Problem description.
Make an exact copy of the listing underneath, skipping each picture.

Recorded data.
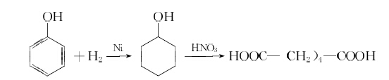 苯酚法是以苯酚為原料,用雷尼鎳作催化劑,在140?150°C 和2?3MPa 壓力下,加氫生成環(huán)己醇,然后用60%?65 %濃度的硝酸,在銅或釩催化劑存在下,在55?60°C 氧化成己二酸。反應式如下:
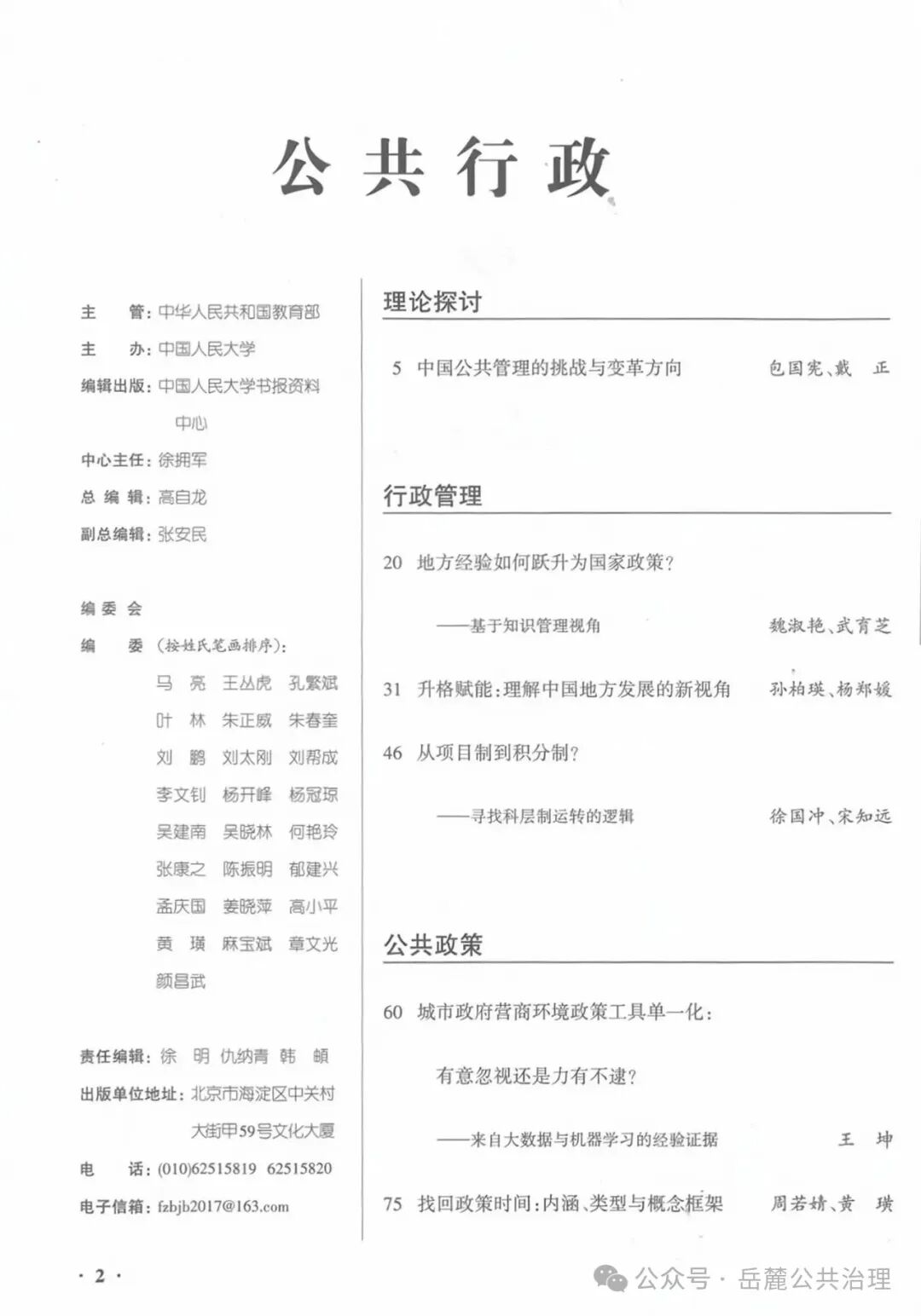 《岳麓公共治理》2025年第2期文章《在绩效与认同之间:技术治理的合法性承载及其演化》(作者:王磊,杨茜钥,王小芳),被《人大复印报刊资料 · 公共行政》2025年第12期全文转载。
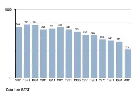 - "Superficie di Comuni Province e Regioni italiane al 9 ottobre 2011". Italian National Institute of Statistics. Retrieved 16 March 2019.

The answer.
 苯酚法是以苯酚為原料,用雷尼鎳作催化劑,在140?150°C 和2?3MPa 壓力下,加氫生成環(huán)己醇,然后用60%?65 %濃度的硝酸,在銅或釩催化劑存在下,在55?60°C 氧化成己二酸。反應式如下:
 《岳麓公共治理》2025年第2期文章《在绩效与认同之间:技术治理的合法性承载及其演化》(作者:王磊,杨茜钥,王小芳),被《人大复印报刊资料 · 公共行政》2025年第12期全文转载。
 - "Superficie di Comuni Province e Regioni italiane al 9 ottobre 2011". Italian National Institute of Statistics. Retrieved 16 March 2019.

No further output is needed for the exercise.